==== Exercise input ====
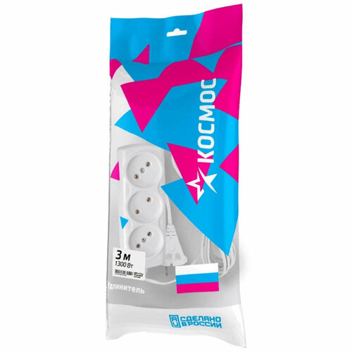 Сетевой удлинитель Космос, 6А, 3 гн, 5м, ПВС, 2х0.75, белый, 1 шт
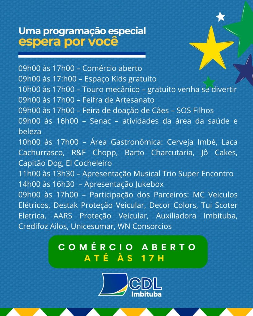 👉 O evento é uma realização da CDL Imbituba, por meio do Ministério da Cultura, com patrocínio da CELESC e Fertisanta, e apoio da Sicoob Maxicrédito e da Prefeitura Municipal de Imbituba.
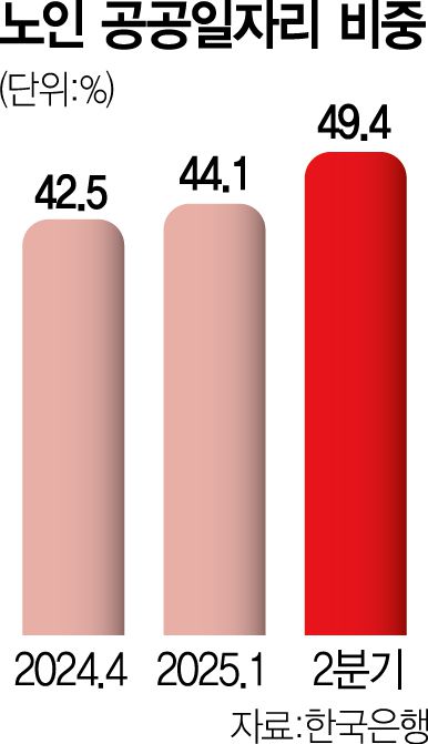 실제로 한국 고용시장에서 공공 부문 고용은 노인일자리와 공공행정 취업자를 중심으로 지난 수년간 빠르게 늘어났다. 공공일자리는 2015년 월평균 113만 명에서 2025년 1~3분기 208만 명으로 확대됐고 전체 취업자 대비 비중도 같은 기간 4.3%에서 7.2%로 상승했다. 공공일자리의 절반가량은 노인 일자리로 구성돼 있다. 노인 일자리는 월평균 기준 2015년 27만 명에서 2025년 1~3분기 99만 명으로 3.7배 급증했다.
====
==== Exercise input ====
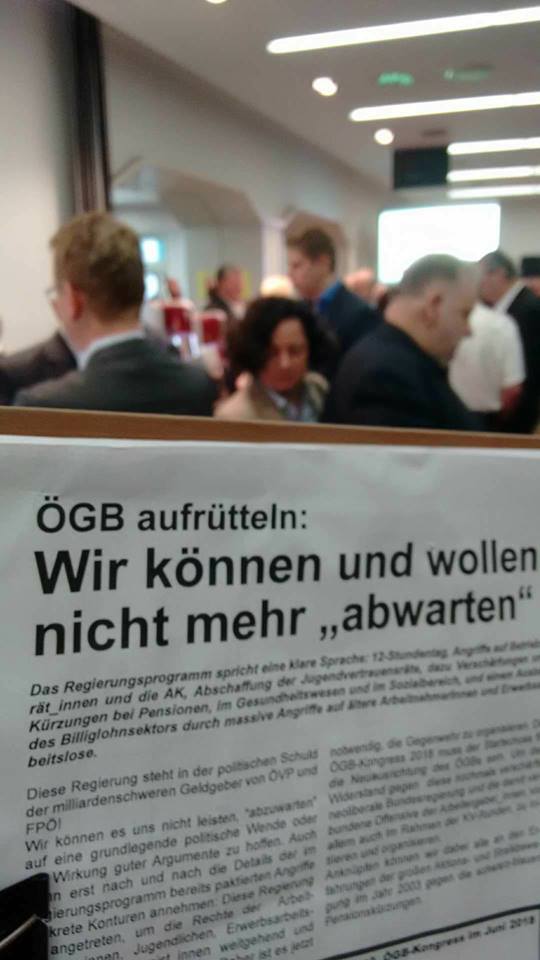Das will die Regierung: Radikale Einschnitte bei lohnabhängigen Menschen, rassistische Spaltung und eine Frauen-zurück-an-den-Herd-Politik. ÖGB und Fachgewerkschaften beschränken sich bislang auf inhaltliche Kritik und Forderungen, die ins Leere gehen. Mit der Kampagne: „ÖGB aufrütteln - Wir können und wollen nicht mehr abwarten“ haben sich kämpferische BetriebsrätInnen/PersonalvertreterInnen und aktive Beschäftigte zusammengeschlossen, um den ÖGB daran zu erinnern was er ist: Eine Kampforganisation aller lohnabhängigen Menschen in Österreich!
====
▶ [Required work] Above are some records. Output exactly the lines from the one that contains "Municipal de Imbituba." to the one that contains "실제로 한국 고용시장에서", keeping both, and omit the pictures.

▶ [Solution for this problem]
 👉 O evento é uma realização da CDL Imbituba, por meio do Ministério da Cultura, com patrocínio da CELESC e Fertisanta, e apoio da Sicoob Maxicrédito e da Prefeitura Municipal de Imbituba.
 실제로 한국 고용시장에서 공공 부문 고용은 노인일자리와 공공행정 취업자를 중심으로 지난 수년간 빠르게 늘어났다. 공공일자리는 2015년 월평균 113만 명에서 2025년 1~3분기 208만 명으로 확대됐고 전체 취업자 대비 비중도 같은 기간 4.3%에서 7.2%로 상승했다. 공공일자리의 절반가량은 노인 일자리로 구성돼 있다. 노인 일자리는 월평균 기준 2015년 27만 명에서 2025년 1~3분기 99만 명으로 3.7배 급증했다.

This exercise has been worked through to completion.